## WHAT YOU SHOULD DO:
From the entries below, copy exactly the lines from the one that contains "3、戰斗中通過左右箭頭控制坦" through the one that contains "구글의 사진 전용 사이트를", both included, and only those.
Top of DATA SHOWN
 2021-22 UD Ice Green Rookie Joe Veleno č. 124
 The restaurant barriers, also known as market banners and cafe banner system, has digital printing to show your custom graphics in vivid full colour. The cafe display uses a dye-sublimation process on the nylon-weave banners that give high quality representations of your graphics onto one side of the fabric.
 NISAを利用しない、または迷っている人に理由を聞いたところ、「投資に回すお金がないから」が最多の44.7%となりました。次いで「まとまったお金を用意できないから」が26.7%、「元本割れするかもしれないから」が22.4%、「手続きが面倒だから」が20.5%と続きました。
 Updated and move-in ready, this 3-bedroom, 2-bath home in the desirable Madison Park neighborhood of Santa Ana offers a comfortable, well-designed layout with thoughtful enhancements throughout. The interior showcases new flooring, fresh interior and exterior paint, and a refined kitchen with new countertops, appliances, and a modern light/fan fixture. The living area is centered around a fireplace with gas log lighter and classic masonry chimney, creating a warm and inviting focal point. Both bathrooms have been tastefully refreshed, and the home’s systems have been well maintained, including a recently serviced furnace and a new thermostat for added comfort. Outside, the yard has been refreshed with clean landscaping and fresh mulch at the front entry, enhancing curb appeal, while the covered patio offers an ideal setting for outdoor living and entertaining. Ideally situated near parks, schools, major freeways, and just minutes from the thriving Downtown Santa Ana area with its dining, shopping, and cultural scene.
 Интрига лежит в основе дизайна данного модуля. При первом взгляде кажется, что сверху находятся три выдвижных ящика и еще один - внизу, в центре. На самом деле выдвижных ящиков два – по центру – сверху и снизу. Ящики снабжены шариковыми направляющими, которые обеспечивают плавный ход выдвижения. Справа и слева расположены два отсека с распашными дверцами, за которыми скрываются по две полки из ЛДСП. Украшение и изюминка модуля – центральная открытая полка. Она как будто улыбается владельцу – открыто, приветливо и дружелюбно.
Bottom of DATA SHOWN
Top of DATA SHOWN
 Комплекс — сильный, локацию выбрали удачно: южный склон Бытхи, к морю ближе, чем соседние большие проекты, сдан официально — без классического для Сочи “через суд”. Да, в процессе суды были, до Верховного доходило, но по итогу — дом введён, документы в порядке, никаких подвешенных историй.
Bottom of DATA SHOWN
Top of DATA SHOWN
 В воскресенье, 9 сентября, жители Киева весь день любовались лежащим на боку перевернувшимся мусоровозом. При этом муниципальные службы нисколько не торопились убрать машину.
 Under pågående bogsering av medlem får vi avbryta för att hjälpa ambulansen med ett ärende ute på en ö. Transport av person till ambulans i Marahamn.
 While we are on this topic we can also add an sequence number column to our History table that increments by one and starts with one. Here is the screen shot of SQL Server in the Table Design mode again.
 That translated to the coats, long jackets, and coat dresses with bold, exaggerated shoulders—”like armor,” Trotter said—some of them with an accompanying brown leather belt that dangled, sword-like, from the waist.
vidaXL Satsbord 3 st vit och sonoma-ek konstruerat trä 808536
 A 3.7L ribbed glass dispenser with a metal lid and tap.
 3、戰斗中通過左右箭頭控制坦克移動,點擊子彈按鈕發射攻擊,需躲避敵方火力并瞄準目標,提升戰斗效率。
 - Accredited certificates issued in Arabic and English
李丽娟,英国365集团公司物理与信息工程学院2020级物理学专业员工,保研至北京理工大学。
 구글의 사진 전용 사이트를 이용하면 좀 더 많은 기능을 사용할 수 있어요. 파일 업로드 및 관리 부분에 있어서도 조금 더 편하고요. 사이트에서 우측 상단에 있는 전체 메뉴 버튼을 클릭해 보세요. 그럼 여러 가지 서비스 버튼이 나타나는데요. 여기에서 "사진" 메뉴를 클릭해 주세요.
Bottom of DATA SHOWN
## ANSWER TO THIS EXERCISE:
 3、戰斗中通過左右箭頭控制坦克移動,點擊子彈按鈕發射攻擊,需躲避敵方火力并瞄準目標,提升戰斗效率。
 - Accredited certificates issued in Arabic and English
李丽娟,英国365集团公司物理与信息工程学院2020级物理学专业员工,保研至北京理工大学。
 구글의 사진 전용 사이트를 이용하면 좀 더 많은 기능을 사용할 수 있어요. 파일 업로드 및 관리 부분에 있어서도 조금 더 편하고요. 사이트에서 우측 상단에 있는 전체 메뉴 버튼을 클릭해 보세요. 그럼 여러 가지 서비스 버튼이 나타나는데요. 여기에서 "사진" 메뉴를 클릭해 주세요.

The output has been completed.